Rendered at 13:22:31 GMT+0000 (Coordinated Universal Time) with Cloudflare Workers.
andyfilms1 18 hours ago [-]
I genuinely think any ML approach to detecting ML will always be unreliable. Models can be intentionally poisoned or tricked, and there is a lot of incentive from AI users to do so. It will always be a losing battle against a moving target.
I think in the long run, deterministic algorithmic approaches with complex pipelines will be needed.
miguel_martin 15 hours ago [-]
I disagree.
1. Constructing a "deterministic algorithmic approaches with complex pipelines" is an ML approach. You're simply changing how you optimize (e.g. gradient descent with human constructed rules) and what you are optimizing (i.e. the model from a statistical one to a set of rules similar to a decision tree)
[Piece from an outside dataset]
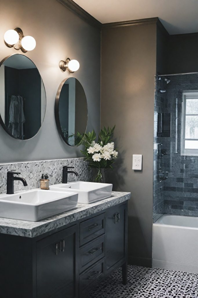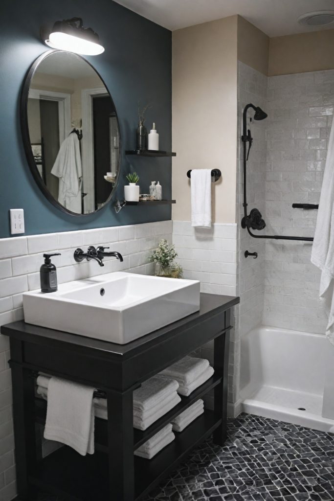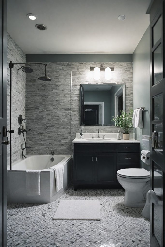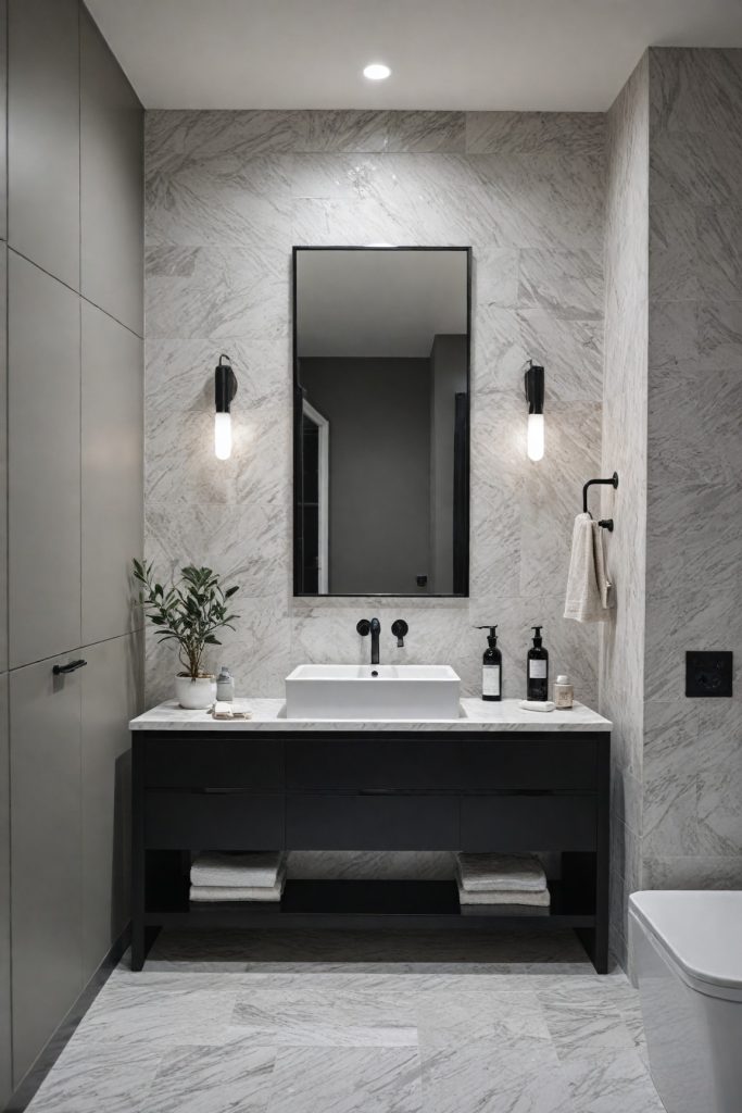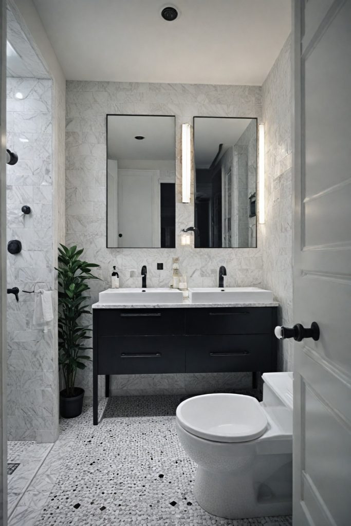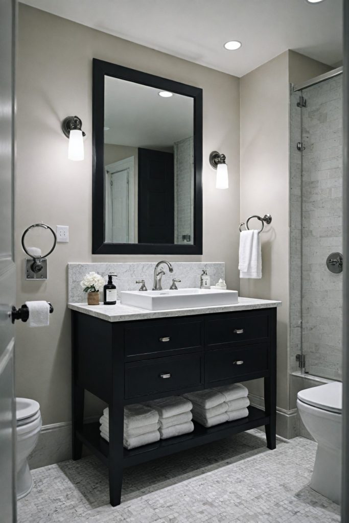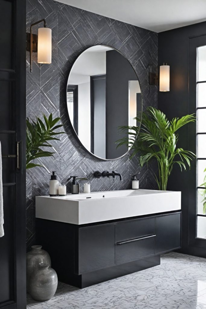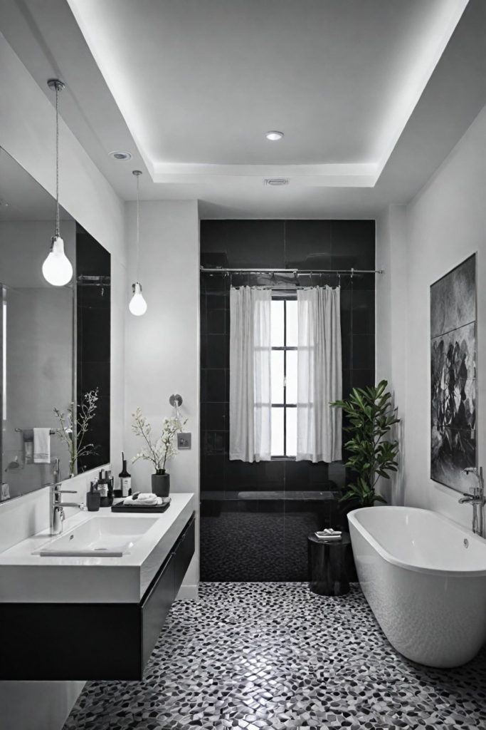 To enhance the monochrome aesthetic, consider adding geometric patterns or textures in your accessories and decor. Black and white striped towels, a patterned shower curtain, or a mosaic tile backsplash can introduce visual interest while staying true to the elegant monochromatic theme. The key is to balance these elements to create a cohesive look that exudes modern sophistication.

2. "Models can be intentionally poisoned or tricked" this is adversarial examples. Your deterministic and complex pipeline will have attack vectors, but just of a different distribution compared to an LLM (or neural net in general). Adversarial examples are likely unavoidable, you will always have a set of inputs that will cause your model to mis-classify examples. You can aim to minimize the size of this distribution/set, but for language: the set of possible inputs is so large that you will never fully be able to train or test on them all, and thus you will always have a back & forth between finding new attack vectors vs. defending against them: "deterministic" or not.
To expand on 1:
How do you construct a complex pipeline? Hopefully, by following roughly standard ML principles.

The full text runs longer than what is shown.